Signal detection continues to be part of science

In contrast to Wilson et al. (1), we believe that signal detection continues to be a key component of empirical science because of its inherent uncertainty. Null hypothesis significance testing (NHST) serves to detect signals, and we highlight mischaracterizations of NHST made by Wilson et al. (1). An explanation for observing smaller effects in (larger) replication than (smaller) original studies that does not require the complicated model in ref. 1 could consist of NHST-based truncation of effects with the law of large numbers (LLN).

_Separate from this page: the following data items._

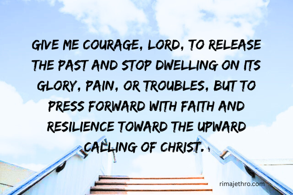 Lord, You said, “Remember ye not the former things, neither consider the things of old. Behold, I will do a new thing; now shall it spring forth; shall ye not know it? I will even make a way in the wilderness, and rivers in the desert. (Isaiah 43:18-19), please do something new in my life today—open new divine doors, opportunities, and provisions beyond human comprehension. Give me courage, Lord, to release the past and stop dwelling on its glory, pain, or troubles, but to press forward with faith and resilience toward the upward calling of Christ.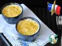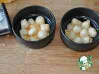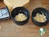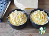 Берём кокотницы, у меня рамекины, на дно кладём половину количества тёртого твёрдого сыра.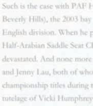 Such is the case with PAF Hollywood Toi (Matoi x NM Beverly Hills), the 2003 bay gelding who excelled in the English division. When he passed away during the 2014 Half-Arabian Saddle Seat Championship class, everyone was devastated. And none more so than riders Emme Moore and Jenny Lau, both of whom rode the gelding to championship titles during their youth careers under the tutelage of Vicki Humphrey and Jessica Clinton.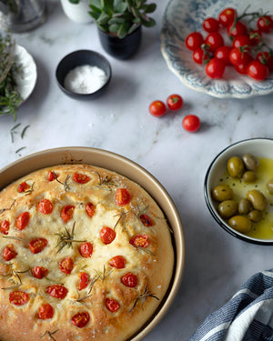 Wir backen leckere Focaccia mit kleinen Cherrytomaten, perfekt für ein leichtes Abendessen mit Salat, Oliven und köstlichen Dips. Focaccia ist recht unkompliziert in der Zubereitung und ihr braucht- neben einem guten Olivenöl - nicht viele Zutaten.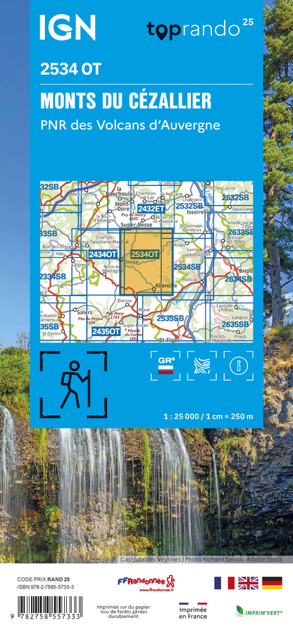 L'indispensable carte de randonnée IGN 2534OT. D'une très grande précision elle contient tous les détails existants sur le terrain : voies de communication jusqu'au moindre sentier, constructions jusqu'au hangar, bois, arbre isolé, rivière, source... Sans oublier la représentation du relief par des courbes de niveau. Les sentiers balisés et les informations touristiques sont également représentées.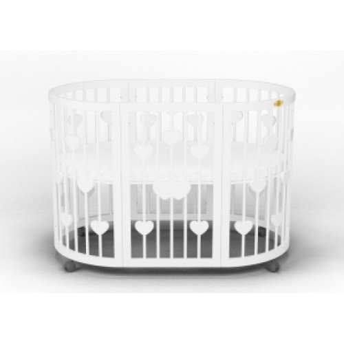 Невероятная овальная кроватка - SMART BED с сердечками совмещает 11 предметов мебели в 1 упаковке! Эта кроватка - мечта романтика! Всё в ней прекрасно: округлый контур, декоративные сердечки по всему периметру кроватки, множество трансформаций, негромоздкость и практичность. SMART BED с сердечками - настоящая находка для мамы, которая любит всё красивое и для папы, который ценит практичность и долговечность.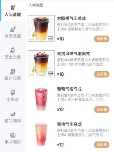我们近期推出了咖啡、茶饮两种不同口味的气泡饮品,便利蜂上新了4款气泡产品,气泡美式咖啡产品。

NHST makes no assumption about the distribution of effect sizes or of a random draw from a dichotomous distribution. NHST is a procedure that compares empirical data with a sampling distribution implied by a null hypothesis (e.g., H₀: μ_X − μ_Y = 0). A small enough probability (P value) of observing the data under $H_0$ justifies the decision to continue research because the data suggest a signal ($H_A$) instead of noise ($H_0$ with sampling variability), which involves signal detection. Even assuming no true null hypotheses, rejecting the null as an explanation for the data also allows one to reject any distribution assuming an effect in the opposite direction (2). Thus, sufficient signal can also indicate the correct effect direction. Uncertainty is always involved, however, because “tests of significance … are capable of rejecting or invalidating hypotheses in so far as these are contradicted by the data; but … they are never capable of establishing them as certainly true” (3).

Assuming an exponential distribution of δ (standardized mean difference in the population) with zero probability of H₀: δ = 0 (point value in a continuous distribution) presumes, but does not test, that H_A: δ > 0 is true. The simulation in the study by Wilson et al. (1) is unnecessary. The more parsimonious LLN, coupled with NHST screening based on studies with power < 1.0, dictates that effect sizes in original research are exaggerated. Under LLN, the estimate ($\overline{d}$) approaches the effect (δ) as $N\to \infty$. Points in Fig. 1A represent means from a single sample (size $N$); dots are significant (P < 0.05) and circles are not (P > 0.05). More extreme $\overline{d}$ are required to reach significance at smaller N (cf. original studies), whereas less extreme $\overline{d}$ reach significance at larger N (cf. replication studies).

Fig. 1.

(A) Variability in sample means $\overline{d}$ as a function of sample size N for a single study, so the variance depicted is not about a sampling distribution but of a sample. The population effect size is δ = 0.5 (dashed horizontal reference line), and the data d follow a normal distribution with unit variance. (B) Increasing N is associated with increasing values in the t test statistic and lower critical values (monotonically decreasing reference line). The red-colored dots (estimates and t test statistics) are significant at P < 0.05; open circles have P > 0.05. R code and data to accompany this figure are available over Open Science Framework (https://osf.io/97amd/).

Signal detection does not just pertain to deciding whether there is signal (e.g., of correct direction) in original research. Assuming H_A: δ = 0.5 and large N (cf. replication studies), estimated effects still exhibit variability that can raise doubts about the direction of an effect (e.g., $\overline{d}$ is close to 0 for N = 108 in Fig. 1A). The screening function of NHST does involve signal detection, although perhaps of direction (2) rather than (or in addition to) presence versus absence of an effect. Human scientific inquiry involves making probabilistic decisions (i.e., detecting a signal) that are relevant to both original and replication studies. Beyond statistical models, conclusive (i.e., less uncertain but not definitive) research claims require research practices centered on optimizing validity (4–6).